An MDL-Based Classifier for Transactional Datasets with Application in Malware Detection
Behzad Asadi, Vijay Varadharajan

TL;DR
This paper introduces an MDL-based classifier for transactional datasets, specifically applied to static malware detection using API call patterns, achieving performance comparable to deep neural networks with added interpretability.
Contribution
The paper presents a novel MDL-based classification method that summarizes patterns efficiently for malware detection, avoiding pattern explosion and providing interpretability.
Findings
Classifier performs close to deep neural networks.
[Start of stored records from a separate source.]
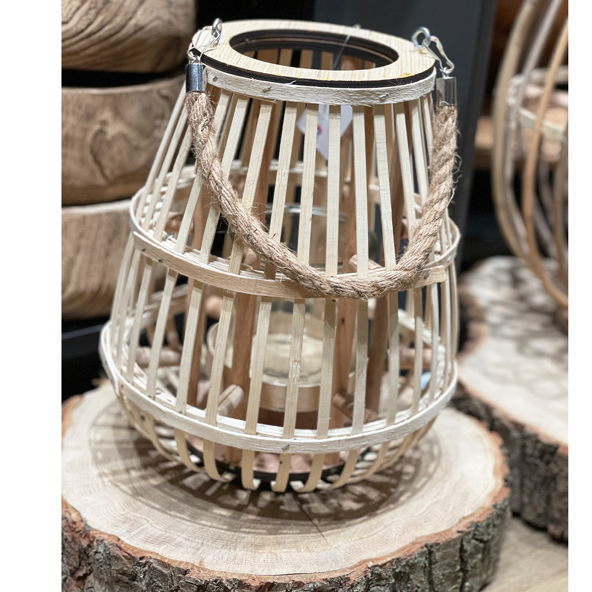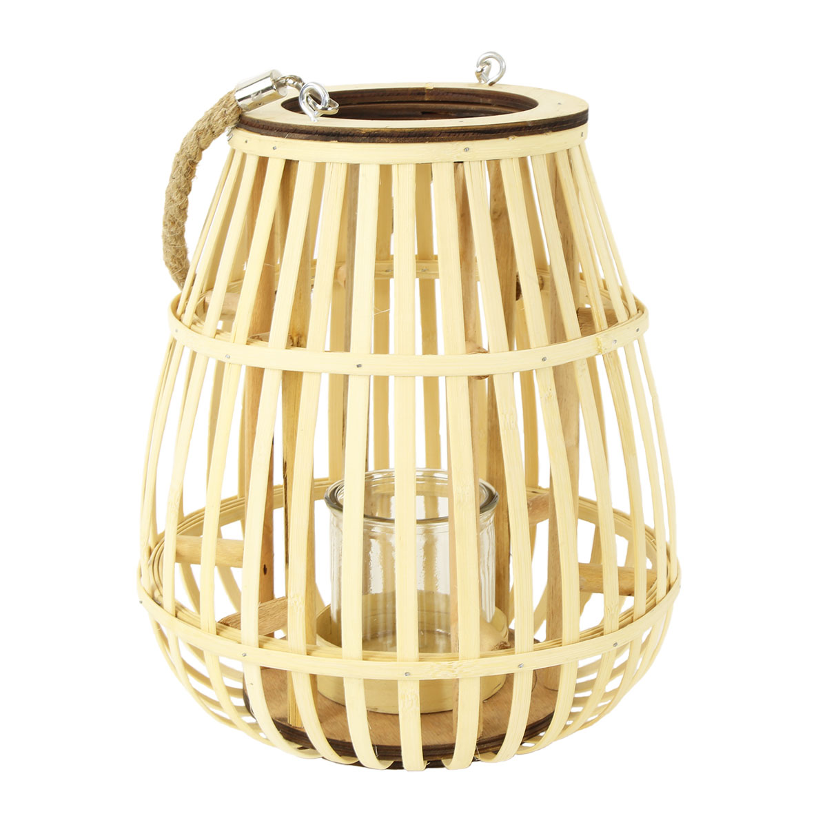 Deko Windlicht Rattan natur, Korbwindlicht Boho mit Henkel, 31cm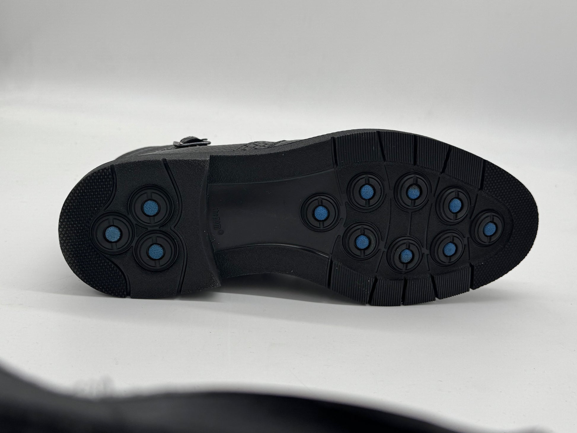 Expertly crafted from supple full-grain leather, it features a refined cap toe and a distinctive woven panel that adds texture and depth. The side buckle detail gives it a contemporary European flair, while the inside zipper ensures easy wear without compromising the clean silhouette.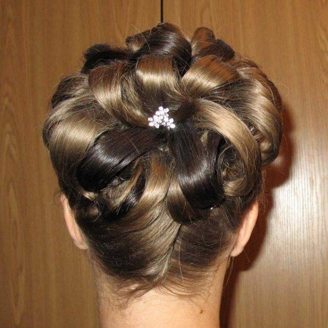 Стильная укладка в виде цветка дополнит любой праздничный лук. Для нее потребуется бублик для пучка, на который накручивают большое количество маленьких жгутов из конского хвоста. Перед созданием прически нужно разогреть в руках немного воска.

Method effectively summarizes patterns for malware detection.
Classifier offers interpretability advantages.
Abstract
We design a classifier for transactional datasets with application in malware detection. We build the classifier based on the minimum description length (MDL) principle. This involves selecting a model that best compresses the training dataset for each class considering the MDL criterion. To select a model for a dataset, we first use clustering followed by closed frequent pattern mining to extract a subset of closed frequent patterns (CFPs). We show that this method acts as a pattern summarization method to avoid pattern explosion; this is done by giving priority to longer CFPs, and without requiring to extract all CFPs. We then use the MDL criterion to further summarize extracted patterns, and construct a code table of patterns. This code table is considered as the selected model for the compression of the dataset. We evaluate our classifier for the problem of static malware detection…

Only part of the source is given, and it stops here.